Yes, because of the very limited numbers of CPU cores. With a GPU you can just assign one core to one particle.

Here is a simple approach to do it with WebGPU:

https://surma.dev/things/webgpu/

It uses the very simple approach, of testing every particle with EVERY other particle. Still very performant (the simulation, the choosen rendering with canvas is very slow)

I currently try to do something like this, but optimised. With the naive approache here and Pixi instead of canvas, I get to 20000 particles 120 fps on an old laptop. I am curious how far I get with an optimized version. But yes, the danger is in calculating and rendering blocking each other. So I have to use the CPU in a smart way, to limit the data being pushed to the GPU. And while I prepare the data on the CPU, the GPU can do the graphic rendering. Like I said, it is way harder to do right this way. When the simulation behaves weird, debugging is pain.

2 comments

If you use WebGPU, for your acceleration structure, try to use the algorithm here presented in the Diligent Engine repo. This will allow you not to transfer data back and forth between CPU and GPU: https://github.com/DiligentGraphics/DiligentSamples/tree/mas...

Another reason I did it on CPU was because with WebGL you lack certain things like atomics and groupshared memory, which you now have with WGPU. For the Diligent Engine spatial hashing, atomics is required. I'm mainly using WebGL because of compatibility. iOS Safari still doesn't enable WGPU without special feature flags that user has to enable.

Thanks a lot, that is very interesting!
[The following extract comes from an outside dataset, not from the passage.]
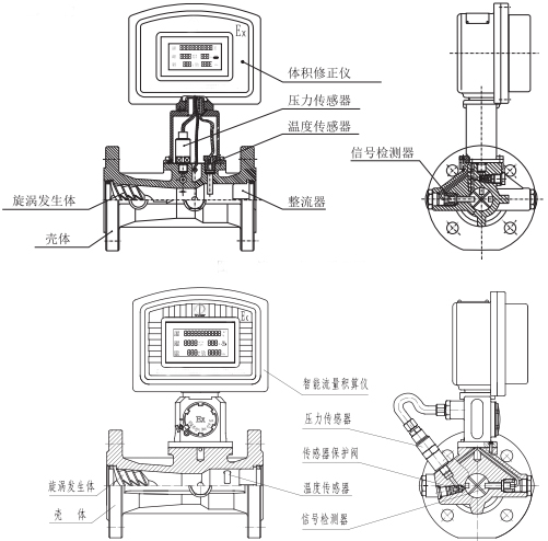 當沿著軸向流動的流體進入流量傳感器入口時,螺旋形葉片強迫流體進行旋轉運動,于是在旋渦發生體中 心產生旋渦流,旋渦流在文丘利管中旋進,到達收縮段突然節流使旋渦流加速,當旋渦流進擴散段后,因回流 作用強迫進行式二次旋轉。此時旋渦流的旋轉頻率與介質流速成正比,并為線性。兩個壓電傳感器檢測的微弱 電荷信號同時經前置放大器放大、濾波、整形后變成兩路頻率與流速成正比的脈沖信號,體積修正儀中的處理 電路對兩路的脈沖信號進行相位比較和判別,剔除干擾信號,而對正常的流量信號進行計數處理。

I will check it out in detail.

But currently I will likely proceed with my approach where I do transfer data back and forth between CPU and GPU, so I can make use of the CPU to do all kinds of things. But my initial idea was also to keep it all on the GPU, I will see what works best.

And yes, I also would not recommend WebGPU currently for anything that needs to deploy soon to a wide audience. My project is intended as a long term experiment, so I can live with the limitations for now.
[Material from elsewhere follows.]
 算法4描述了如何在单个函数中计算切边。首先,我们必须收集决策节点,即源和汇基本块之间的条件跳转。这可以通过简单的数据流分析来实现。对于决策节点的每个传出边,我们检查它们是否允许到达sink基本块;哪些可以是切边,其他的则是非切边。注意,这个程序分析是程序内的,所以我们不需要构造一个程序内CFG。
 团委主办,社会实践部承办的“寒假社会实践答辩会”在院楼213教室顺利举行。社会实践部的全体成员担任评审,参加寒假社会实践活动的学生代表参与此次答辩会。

This is a 2D simulation with only self-collisions, and not collisions against external geometry. The author suggests a simulation time of 16ms for 14000 particles. State of the art physics engines can do several times more, on the CPU, in 3D, while colliding with complex geometry with hundreds of thousands of triangles. I understand this code is not optimized, but I'd say the workload is not really comparable enough to talk about the benefits of CPU vs GPU for this task.
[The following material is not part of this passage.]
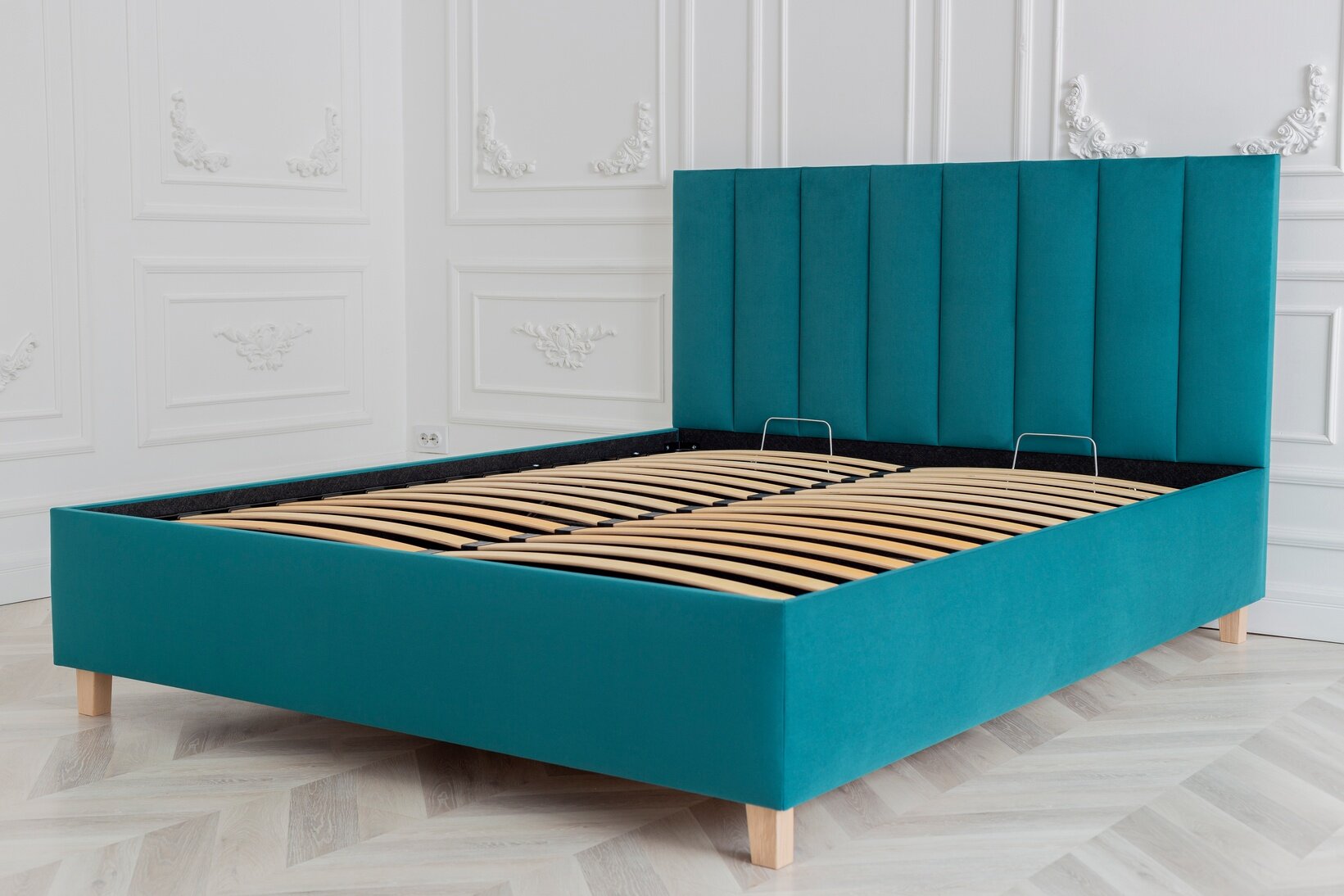 InRoom Мягкая кровать из массива с подъемным механизмом и ящиком для белья ИнРум Квадро с ножками

The O(n^2) approach, I fear, cannot really scale to much beyond this number, and as soon as you introduce optimizations that make it less than O(n^2), you've introduced tree search or spatial caching that makes your single "core" (WG) per particle diverge.

"that make it less than O(n^2), you've introduced tree search or spatial caching that makes your single "core" (WG) per particle diverge"

Well, like I said, I try to use the CPU side to help with all that. So every particle on the GPU checks maybe the 20 particles around it for collision (and other reactions) and not 14000, like it is currently.

That should give a different result.

Once done with this sideproject, I will post my results here. Maybe you are right and it will not work out, but I think a found a working compromise.